Manager Jim Tracy said: “I think the first place and the best place to start would be take a walk through our spring training complex. In addition to the Keli S. McGregor fitness area, his fingerprints are all over our spring training complex.”

Iannetta said Colorado’s 12-4 start was directly attributable to the team’s move to spiffy new digs in the Phoenix area. No longer do the Rockies have to make two-hour bus trips between Phoenix and Tucson, where they were often forced to face minor leaguers because other teams were reluctant to bring their front-line players and starting pitchers to Hi Corbett Field.

Iannetta said the players were refreshed when the season started and had already hit stride several weeks earlier instead of having to do so in April, when the Rockies have traditionally gotten off to slow starts.

“I think it’s the continuity of the lineup, the continuity of the guys playing on consecutive days, not having to travel, and facing better pitching,” Iannetta said. “Teams were reluctant to bring their No. 1s down to Tucson, and when we played the Diamondbacks, they never showed us their starting staff anyway. So, I think we’ve benefited from that.”

Regardless of the wins or losses, “he would be proud of us because we go out there every single night and play hard and that’s all he ever asked for,” slugger Troy Tulowitzki (FSY) said.

“And I think not only on the baseball field but I think being good role models off the field is really what he appreciated and standing for the right things,” Tulowitzki said. “And in this clubhouse we have a bunch of really good guys on and off the field and that’s what he’d be most proud of.”

On Wednesday, the Rockies will dedicate a baseball field in his honor in nearby Lakewood, where he grew up.

McGregor, a former NFL tight end, had passed a physical just before spring training last year. He’d later caught a cold, but nothing that would have kept him from accompanying other team officials on a business trip to Salt Lake City.

When he didn’t meet them in the lobby one morning for their flight home, police were called and found his body in his hotel room.

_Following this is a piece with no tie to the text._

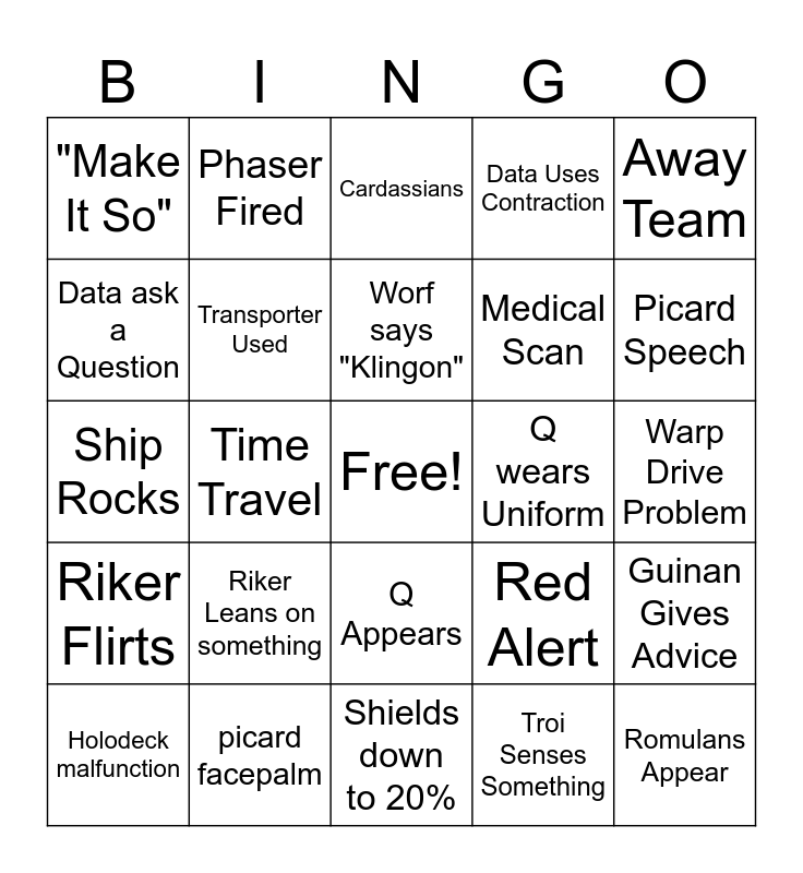This bingo card has a free space and 24 words: Riker Leans on something, picard facepalm, Worf says "Klingon", Holodeck malfunction, Away Team, "Make It So", Data ask a Question, Phaser Fired, Q wears Uniform, Q Appears, Medical Scan, Ship Rocks, Red Alert, Guinan Gives Advice, Transporter Used, Troi Senses Something, Warp Drive Problem, Cardassians, Picard Speech, Time Travel, Romulans Appear, Riker Flirts, Data Uses Contraction and Shields down to 20%.

It was later determined the father of four died from a viral heart infection.

McGregor’s loss shook the sports communities across Colorado, where he was a multi-sport athlete at Lakewood High School, starred as a tight end at Colorado State and was drafted by the Denver Broncos. He also played for the Colts and Seahawks before going into coaching and then embarking on a career in sports administration, joining the Rockies in 1993.

Commissioner Bud Selig called McGregor “one of our game’s rising young stars.”

His widow, Lori McGregor, told the Denver Post during spring training that tests after her husband’s death revealed he had a degenerative brain disease called chronic traumatic encephalopathy, which causes memory impairment, emotional instability, erratic behavior and depression and eventually develops into full-blown dementia.

She said her husband suffered a couple of concussions in college and was transfixed one day when he saw an ESPN report on former NFL players suffering from debilitating depression. Although he displayed no symptoms, he wanted his brain and spinal cord donated to the Center for the Study of Traumatic Encephalopathy based out of Boston University, she said.

CTE can develop when an athlete is exposed to hits that result in concussions or even as a result of repetitive nonconcussive contact, according to the center.

A cross-section of his brain was tested and came back positive for CTE, Lori McGregor said, telling the Post: “That has truly been the answer to my prayers about this, because I understand now that’s why Keli went, that’s why God took him. Because CTE is ugly and there’s no way to treat it. I really, honestly know that’s why (the heart virus) happened.

“He let a great man die a great man.”